Afinal o que você procura quando a ansiedade aperta, o burnout chega e o custo de vida no Brasil real não dá trégua?
O Autoconhecimento Sistêmico SHD constrói infraestrutura interna sólida para você parar de correr atrás de respostas vazias e começar a viver com direção clara, prática e sem ilusão. Leia agora e transforme o que sente em ação que funciona de verdade.
Sou Alessandro Turci, nasci em 14 de julho de 1976 na Zona Leste de São Paulo. Sou do signo de Câncer e Dragão de Fogo no horóscopo chinês, características que me deram essa mistura de sensibilidade com determinação para enfrentar o que vem. Analista de TI e Projetor em Human Design, trabalho desde 2001 na mesma empresa fabricante de tomadas, interruptores e conectores elétricos na Zona Leste. Desde 2008 lidero o antigo CPD, hoje o time de TI.

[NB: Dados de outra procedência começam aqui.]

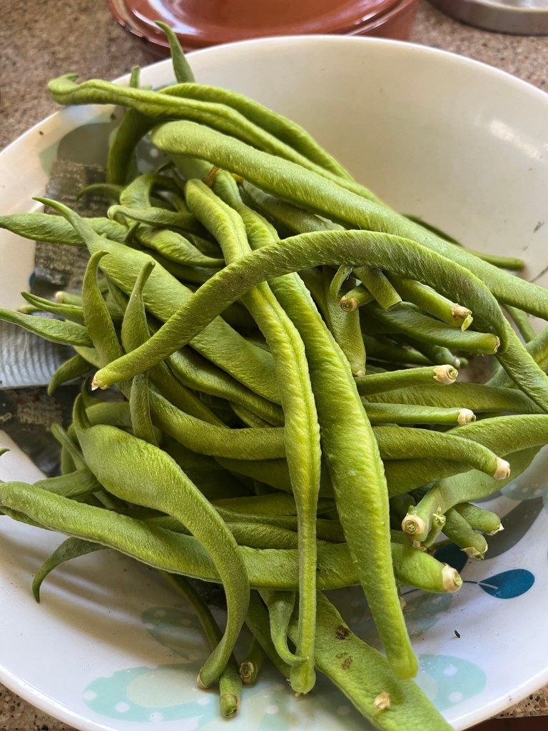 Many more dishes on the menu tonight. Courgette and tromboncino soup – cold with cream and chives. Leek bake, lentil Dahl, new potato salad and a green salad and young runner beans – hot with butter.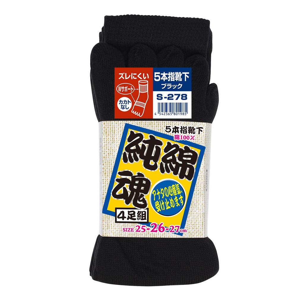 Kansai Fashion Union Pure Cotton Soul Set of Five-Toe Slippers, Black, 4, S-278

Transformo complexidade em clareza: vejo caminhos estratégicos e traduzo em direção prática. O que vivo no dia a dia vira análise profunda e aplicável de imediato. Trago uma abordagem única — já validada na prática — para aplicar metodologias de desenvolvimento humano de forma concreta.
Tudo sustentado pela filosofia SHD, que desenvolvi. Hoje investigamos afinal o que você procura com rigor e objetividade pela lente do Autoconhecimento Sistêmico SHD — integrando espiritualidade, mente, corpo, energia, contexto econômico, cultura, ancestralidade e o dia a dia dos brasileiros.
Se esta é sua primeira vez aqui, prepare-se: não encontrará o “mais do mesmo”, mas uma visão que realmente faz diferença.
Acordo cedo na Zona Leste, pego o ônibus lotado, o ar já pesado de exaustão coletiva. No supermercado, o preço do arroz subiu de novo, o boleto chega junto com a fatura do cartão. No carro por aplicativo, o trânsito engole o tempo que eu não tenho. Chego na empresa, abro o notebook e começa o status, o brainstorming, a daily, o follow-up. Reuniões que se arrastam enquanto a cabeça grita: “pra que tudo isso?”.
Muitos colaboradores, líderes, vendedores, representantes e parceiros passam por aqui e carregam a mesma sensação. Ansiedade que aperta o peito, burnout que rouba o sono, depressão que chega disfarçada de “é só uma fase”.
No Brasil real, a desigualdade social e regional bate forte: quem está no Norte ou Nordeste sente ainda mais o peso da geografia econômica, o estigma de pedir ajuda mental, a pressão de sustentar família com salário que não acompanha a inflação.
Eu mesmo errei feio nisso. No começo, achava que o próximo cargo, o próximo projeto de automação no CPD resolveria o vazio. Corria atrás de reconhecimento externo, acumulava tarefas, ignorava o corpo pedindo pausa.
Resultado: noites em claro analisando logs enquanto a mente questionava tudo. Aprendi do jeito duro que procurar fora — promoção, dinheiro extra, validação dos outros — só aumenta o ruído quando o interno está bagunçado.
O que você procura, no fundo, não é mais um emprego melhor ou uma viagem que vai acabar. É controle sobre o caos que vive dentro e fora. É sair da sensação de que a vida está acontecendo e você só assiste.
O Autoconhecimento Sistêmico SHD não é só constelação familiar. É a integração de sistemas internos — mente, corpo, energia, Desenho Humano de cada um, independentemente do tipo — com sistemas externos: economia instável, cultura brasileira de “jeitinho”, ancestralidade que carrega crenças silenciosas, inflação que corrói planos, automação que muda empregos.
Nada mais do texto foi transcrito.